Dorothy Marr tugs at the fabric, lines it up, glances at the spool of thread, presses the pedal, and ree-ree-ree-ree-ree-ree.

“I know that, Mother,” Frangie Marr says. “But you can’t pay the bills on your own. We’ll end up in the street if I don’t.”

Just about eighteen hundred miles east and a little south of Gedwell Falls, eighteen-year-old Frangie Marr sits with her mother on the screened porch where her mother hauls her battered sewing machine on hot, humid nights like this.

The screens have been torn and patched and torn again, and the mosquitoes have memorized every last one of the holes. Unseasonably warm weather has released the insects from their slumber, and Frangie slaps one that lands on her arm, leaving a spot of her own blood that she flicks away.

She’s a tiny thing, Frangie Marr, that’s what people always say about her and have since she was twelve. Her adolescent growth spurt came late and petered out early. Until age fourteen she’d been just four foot ten. Now she is five foot one—if she cheats a bit and sort of lifts herself up in her shoes.

Her mother presses the pedal on the sewing machine and runs a dozen stitches. The rabbity sound of the machine has always been part of Frangie’s life, though it used to be slower before they had electricity and the machine was foot-powered.
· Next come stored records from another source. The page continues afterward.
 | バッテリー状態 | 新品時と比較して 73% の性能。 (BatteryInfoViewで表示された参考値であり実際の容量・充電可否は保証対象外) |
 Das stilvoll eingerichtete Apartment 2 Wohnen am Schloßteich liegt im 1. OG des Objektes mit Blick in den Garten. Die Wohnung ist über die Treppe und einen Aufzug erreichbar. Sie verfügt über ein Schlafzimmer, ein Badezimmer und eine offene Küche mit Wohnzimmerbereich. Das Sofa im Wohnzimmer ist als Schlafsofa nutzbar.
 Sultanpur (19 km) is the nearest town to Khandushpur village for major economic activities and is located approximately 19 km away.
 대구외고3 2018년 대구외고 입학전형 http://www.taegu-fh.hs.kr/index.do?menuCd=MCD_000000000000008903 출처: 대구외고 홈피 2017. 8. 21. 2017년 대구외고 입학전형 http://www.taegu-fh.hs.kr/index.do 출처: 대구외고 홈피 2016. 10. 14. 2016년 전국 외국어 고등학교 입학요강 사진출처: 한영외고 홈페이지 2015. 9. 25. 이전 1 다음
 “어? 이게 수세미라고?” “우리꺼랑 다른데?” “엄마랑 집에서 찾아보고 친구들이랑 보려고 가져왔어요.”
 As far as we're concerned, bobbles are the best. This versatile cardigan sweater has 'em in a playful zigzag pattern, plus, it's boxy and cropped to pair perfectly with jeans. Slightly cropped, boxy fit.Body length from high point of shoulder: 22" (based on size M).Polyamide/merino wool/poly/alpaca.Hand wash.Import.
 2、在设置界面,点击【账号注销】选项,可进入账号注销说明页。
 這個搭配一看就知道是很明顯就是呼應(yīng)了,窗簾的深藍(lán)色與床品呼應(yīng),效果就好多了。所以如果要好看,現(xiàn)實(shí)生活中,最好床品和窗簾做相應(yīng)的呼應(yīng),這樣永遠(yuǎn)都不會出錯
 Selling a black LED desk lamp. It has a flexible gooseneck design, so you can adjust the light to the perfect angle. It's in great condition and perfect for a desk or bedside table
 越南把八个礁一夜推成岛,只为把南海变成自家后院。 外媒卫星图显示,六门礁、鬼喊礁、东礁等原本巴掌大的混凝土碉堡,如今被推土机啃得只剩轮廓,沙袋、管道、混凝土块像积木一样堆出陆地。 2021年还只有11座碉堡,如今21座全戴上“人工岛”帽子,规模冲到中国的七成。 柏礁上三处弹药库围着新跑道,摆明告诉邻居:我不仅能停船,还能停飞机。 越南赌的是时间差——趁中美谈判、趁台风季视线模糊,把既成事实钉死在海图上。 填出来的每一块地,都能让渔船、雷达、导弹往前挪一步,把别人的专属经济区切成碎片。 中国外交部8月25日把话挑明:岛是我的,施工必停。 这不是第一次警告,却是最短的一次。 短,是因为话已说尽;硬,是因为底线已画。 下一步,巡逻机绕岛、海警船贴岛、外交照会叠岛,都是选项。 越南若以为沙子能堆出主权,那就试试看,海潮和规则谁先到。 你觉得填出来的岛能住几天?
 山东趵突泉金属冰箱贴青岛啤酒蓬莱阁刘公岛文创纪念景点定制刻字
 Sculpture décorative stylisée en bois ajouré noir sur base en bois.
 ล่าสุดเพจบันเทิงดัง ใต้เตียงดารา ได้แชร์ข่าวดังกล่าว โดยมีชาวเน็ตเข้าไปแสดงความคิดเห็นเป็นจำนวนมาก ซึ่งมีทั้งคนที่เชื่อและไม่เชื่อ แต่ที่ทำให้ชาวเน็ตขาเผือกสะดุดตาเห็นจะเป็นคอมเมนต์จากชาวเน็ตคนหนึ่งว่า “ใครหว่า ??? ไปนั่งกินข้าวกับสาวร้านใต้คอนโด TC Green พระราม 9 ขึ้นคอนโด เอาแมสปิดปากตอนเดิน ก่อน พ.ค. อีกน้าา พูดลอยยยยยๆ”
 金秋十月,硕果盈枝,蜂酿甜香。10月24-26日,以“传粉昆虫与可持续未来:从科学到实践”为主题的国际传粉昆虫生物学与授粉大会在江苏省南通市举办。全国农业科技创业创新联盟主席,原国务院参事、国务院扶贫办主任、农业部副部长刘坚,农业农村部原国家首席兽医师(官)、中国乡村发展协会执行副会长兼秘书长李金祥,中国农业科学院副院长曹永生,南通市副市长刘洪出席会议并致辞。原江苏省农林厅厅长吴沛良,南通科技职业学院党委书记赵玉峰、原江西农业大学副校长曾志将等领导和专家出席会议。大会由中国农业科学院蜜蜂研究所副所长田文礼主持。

“You should get some sleep, Mother.” Frangie is tired of this conversation; she’s had it before. Each time her mother tells her she doesn’t have to go, and each time Frangie says she does. It feels like her mother is pushing off the responsibility, like she wants to be able to say, I told her not to go. Maybe Frangie’s being unfair thinking that, but she feels what she feels.

“Can’t sleep, sweetie, you know I have to get this dress done for tomorrow morning. You know Miss Ellie.”

“Oh, I know Miss Ellie,” Frangie says. “That is one complaining white woman.” This is safer territory for conversation. Frangie complains about her mother’s customers, and her mother in turn says things like, “Oh, she’s not so bad, ” or “Well, she has her ways.

Sure enough: “She’s all right,” Dorothy Marr says with tolerant smile. “At least she pays on time. And she had that ham sent around for Easter.”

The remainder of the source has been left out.